Figure 1. Summary of temporal trends observed from the flu (black line) and asthma (green line) case counts indicate a distinct delay in the peak incidence of flu compared to asthma. Note that we have reported the data using a moving average window of 7 days (to overcome gaps in the IMS ambulatory care reimbursement claims data based on reports received throughout the week) and normalized the results based on the fraction of total case counts received at every zip code. Dotted lines are used to the respective peak incidence rates of asthma (green) and flu (black). Note that in both the spring season (April–May 2009) and the fall season (September–October 2009), the asthma incidence (indicated by A1 and A2, respectively) peaks before the peak in flu incidence (indicated by F1 and F2, respectively). Only for the winter season, the peaks in asthma and flu incidence rates coincide (highlighted by A3 and F3 respectively).
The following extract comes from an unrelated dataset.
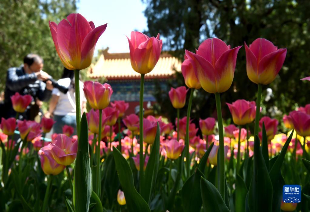 目前,北京中山公園的郁金香花開正艷。據了解,今年,北京中山公園布置了六個主題景區,展出85個品種近20萬株郁金香及洋水仙、葡萄風信子等球根花卉。

Once we examined the temporal trends in the flu and asthma datasets, we then extended the analysis to examine the demographic data for the total number of cases observed (both for H1N1 flu and asthma). Note that the IMS Health data include only information regarding the age of the patient and their sex, but do not include any other demographic information. As summarized in Table 1, we find that a larger proportion of children show increased co-occurrence of flu and asthma symptoms. Although the number of adults diagnosed with asthma is higher, only a small proportion of patients are co-diagnosed with both flu and asthma during the 2009–2010 flu season. Interestingly, in our analysis of the data, girls tend to exhibit a higher risk (over 90% of girls are susceptible to both flu and asthma in Table 1). Similarly, within adults co-diagnosed with the flu and asthma, female patients tended to be higher in ratio compared to men. Table 1 also indicates that the total number of diagnosed cases with both flu and asthma conditions is very infrequent and indicate that children seem to be at a greater risk than adults.

TABLE 1
www.frontiersin.org

Table 1. Demographic summary of H1N1 and asthma case count summary observed from eHRC data.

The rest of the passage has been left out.